** Opening RECORDS SUPPLIED block **

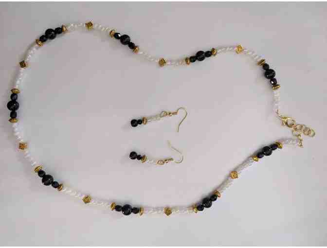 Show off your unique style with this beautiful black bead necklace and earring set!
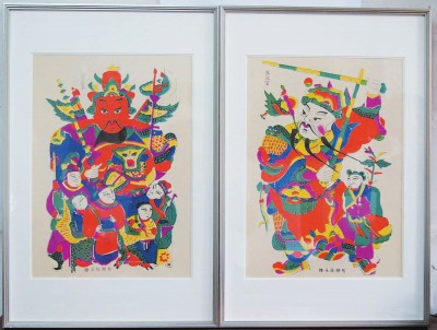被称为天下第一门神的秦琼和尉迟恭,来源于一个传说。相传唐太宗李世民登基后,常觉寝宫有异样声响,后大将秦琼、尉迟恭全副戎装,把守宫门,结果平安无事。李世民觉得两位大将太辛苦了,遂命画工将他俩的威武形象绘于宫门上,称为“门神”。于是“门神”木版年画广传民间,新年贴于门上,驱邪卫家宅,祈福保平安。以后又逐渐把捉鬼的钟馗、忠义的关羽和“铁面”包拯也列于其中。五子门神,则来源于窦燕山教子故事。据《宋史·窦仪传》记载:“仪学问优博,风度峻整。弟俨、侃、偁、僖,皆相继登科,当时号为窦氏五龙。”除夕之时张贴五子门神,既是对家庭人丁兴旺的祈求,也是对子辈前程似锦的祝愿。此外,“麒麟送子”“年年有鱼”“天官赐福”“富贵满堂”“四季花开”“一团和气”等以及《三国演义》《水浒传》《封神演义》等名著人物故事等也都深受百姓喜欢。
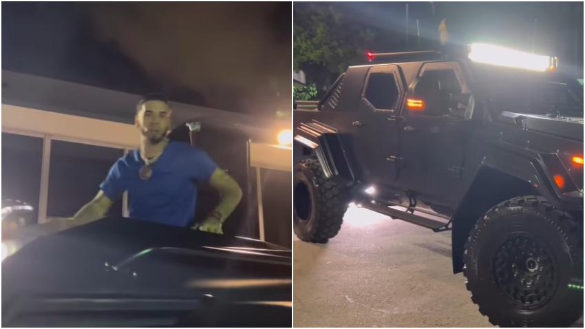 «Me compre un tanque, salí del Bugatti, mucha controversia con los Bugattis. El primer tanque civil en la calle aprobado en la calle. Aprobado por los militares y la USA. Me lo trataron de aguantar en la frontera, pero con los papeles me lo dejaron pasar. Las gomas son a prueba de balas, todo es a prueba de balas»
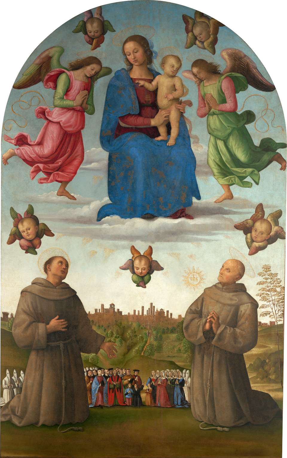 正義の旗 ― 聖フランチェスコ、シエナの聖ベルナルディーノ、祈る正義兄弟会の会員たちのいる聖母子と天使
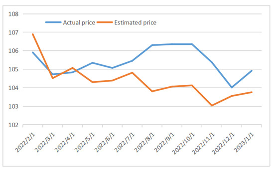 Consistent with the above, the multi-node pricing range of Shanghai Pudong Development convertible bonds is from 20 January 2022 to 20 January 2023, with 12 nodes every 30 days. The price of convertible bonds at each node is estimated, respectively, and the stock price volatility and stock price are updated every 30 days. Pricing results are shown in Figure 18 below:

** Closing RECORDS SUPPLIED block **

-- WORK ORDER --
Return only the lines running from the start of the entries above to the line that contains "被称为天下第一门神的秦琼和尉", inclusive, and omit every picture.

-- SOLVED PROBLEM --
 Show off your unique style with this beautiful black bead necklace and earring set!
被称为天下第一门神的秦琼和尉迟恭,来源于一个传说。相传唐太宗李世民登基后,常觉寝宫有异样声响,后大将秦琼、尉迟恭全副戎装,把守宫门,结果平安无事。李世民觉得两位大将太辛苦了,遂命画工将他俩的威武形象绘于宫门上,称为“门神”。于是“门神”木版年画广传民间,新年贴于门上,驱邪卫家宅,祈福保平安。以后又逐渐把捉鬼的钟馗、忠义的关羽和“铁面”包拯也列于其中。五子门神,则来源于窦燕山教子故事。据《宋史·窦仪传》记载:“仪学问优博,风度峻整。弟俨、侃、偁、僖,皆相继登科,当时号为窦氏五龙。”除夕之时张贴五子门神,既是对家庭人丁兴旺的祈求,也是对子辈前程似锦的祝愿。此外,“麒麟送子”“年年有鱼”“天官赐福”“富贵满堂”“四季花开”“一团和气”等以及《三国演义》《水浒传》《封神演义》等名著人物故事等也都深受百姓喜欢。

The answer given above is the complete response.